Take the lines of the data below from the very first through the line containing "Full Argo round" and output them exactly, pictures excluded.

───── Given records ─────

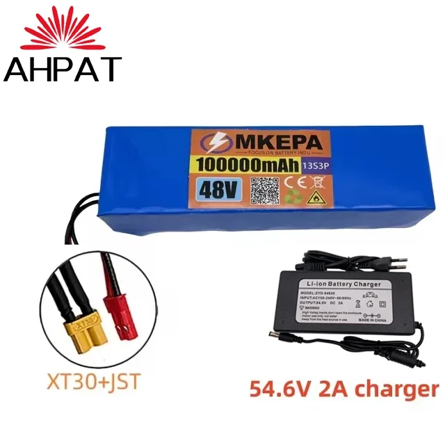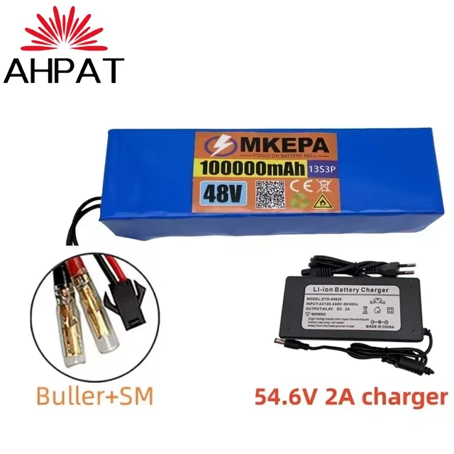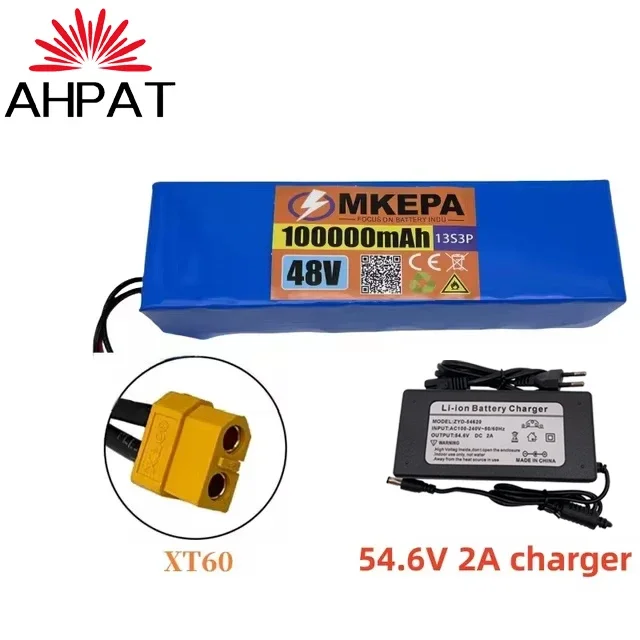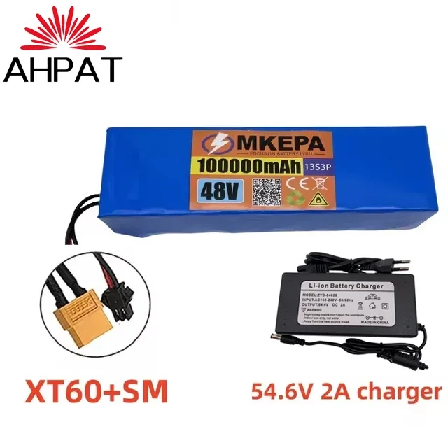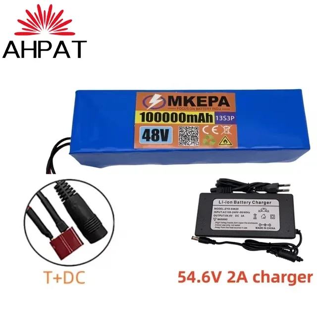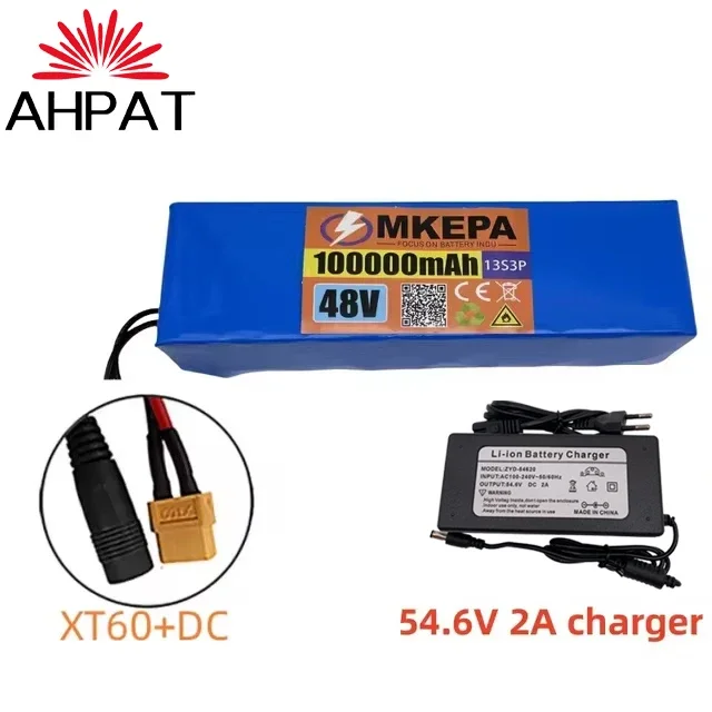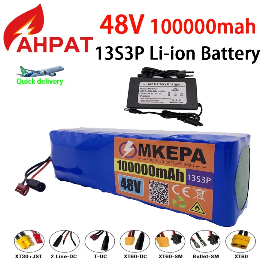 النقل الجوي KEPAH New48V100Ah 1000w 13S3P 48V بطارية ليثيوم أيون 100000 مللي أمبير لـ 54.6 فولت مع BMS + شاحن، AHPAT
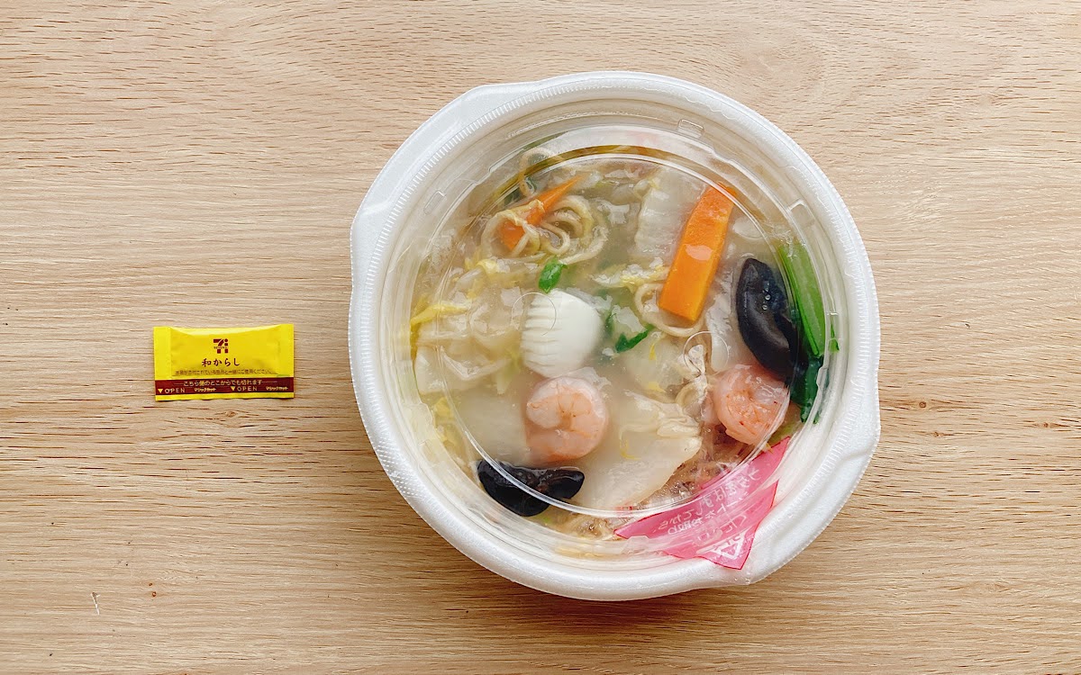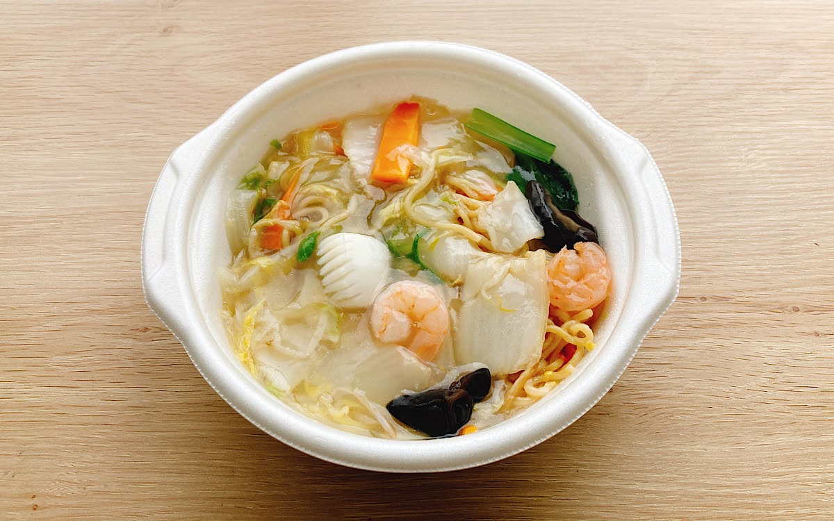 同商品には海老やいかに加えて、白菜や人参といった野菜、きくらげがたっぷり入っています。「海鮮塩あんかけやきそば」というだけあって、海老もプリプリでしっかり存在感を発揮。味の変化を楽しみつつ最後まで同商品を堪能することができました。
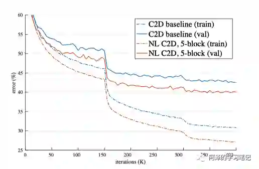总结:作者根据非局部均值滤波方法提出了非局部神经网络(NLNN),综合考虑节点间不同位置之间的关系,同时也具有较强的灵活性,支持自定义相似函数,并支持在不改变网络结构的情况下以残差的形式接入到现有网络中,最后通过实验表明,这种非局部运算的框架具有非常显著的效果。
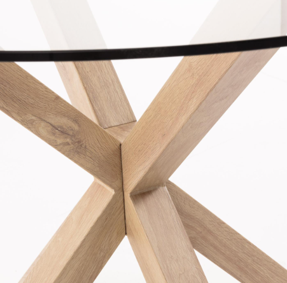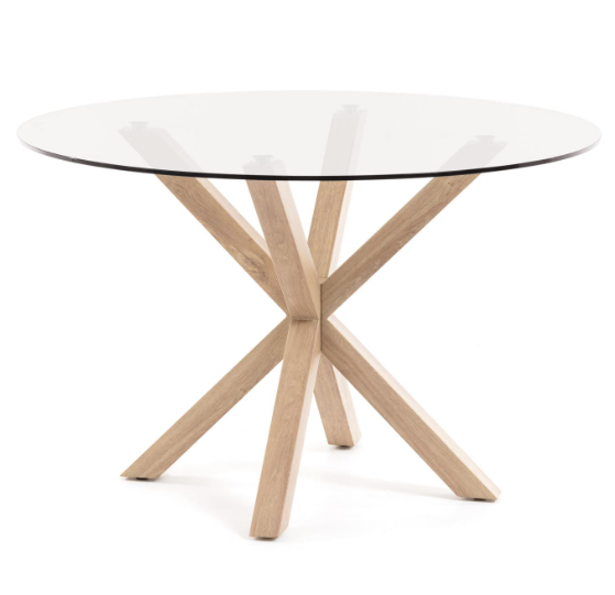 Full Argo round glass table and wood effect steel legs
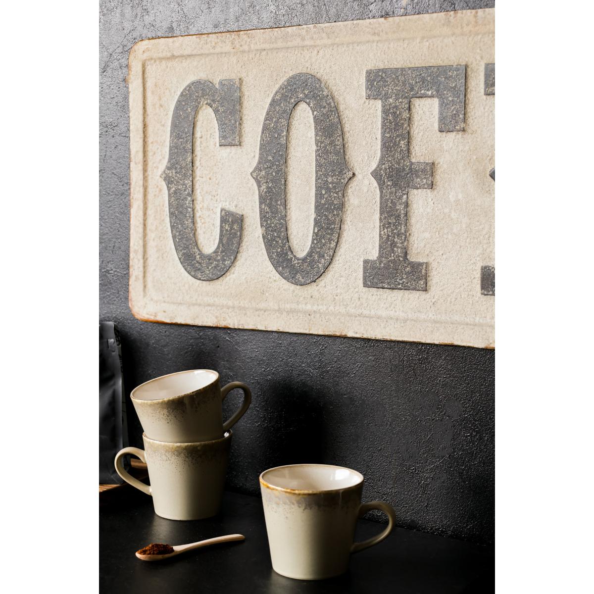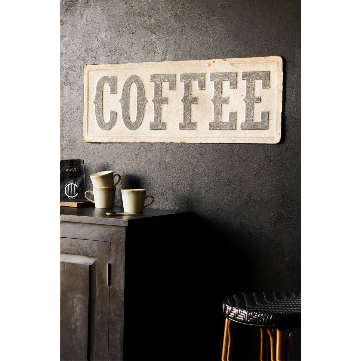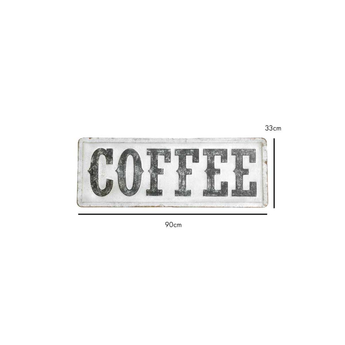 The Coffee Metal Wall Art Sign introduces a strong shot of personality to the walls of your kitchen or dining room. You cannot beat typography art in the kitchen. From sassy slogans to statement words that sum up the mood of your morning, typography has an effortless style. Perfect for those that live by the words “but first, coffee”, the coffee metal wall sign celebrates the importance of our caffeine rituals in getting shit done throughout the day. So, whether you’re in an espresso, cappuccino or latte state of mind, this playful piece of kitchen wall art is for you. Practical and chic, the coffee metal wall sign has a rustic aged finish that could easily be mistaken for vintage. Reminiscent of old-school shop signs, the design highlights your tea and coffee station in the kitchen. Now it's time to master your barista game! Also available in a larger width with the words “Eat” or “Gin” across the distressed surface, the metal wall art collection has something for every kitchen personality. Metal typography wall sign with an aged finish Measures: H33cm x W90cm Hooks included to hang on the wall

─────

● **Solution to this problem**:
 النقل الجوي KEPAH New48V100Ah 1000w 13S3P 48V بطارية ليثيوم أيون 100000 مللي أمبير لـ 54.6 فولت مع BMS + شاحن، AHPAT
 同商品には海老やいかに加えて、白菜や人参といった野菜、きくらげがたっぷり入っています。「海鮮塩あんかけやきそば」というだけあって、海老もプリプリでしっかり存在感を発揮。味の変化を楽しみつつ最後まで同商品を堪能することができました。
总结:作者根据非局部均值滤波方法提出了非局部神经网络(NLNN),综合考虑节点间不同位置之间的关系,同时也具有较强的灵活性,支持自定义相似函数,并支持在不改变网络结构的情况下以残差的形式接入到现有网络中,最后通过实验表明,这种非局部运算的框架具有非常显著的效果。
 Full Argo round glass table and wood effect steel legs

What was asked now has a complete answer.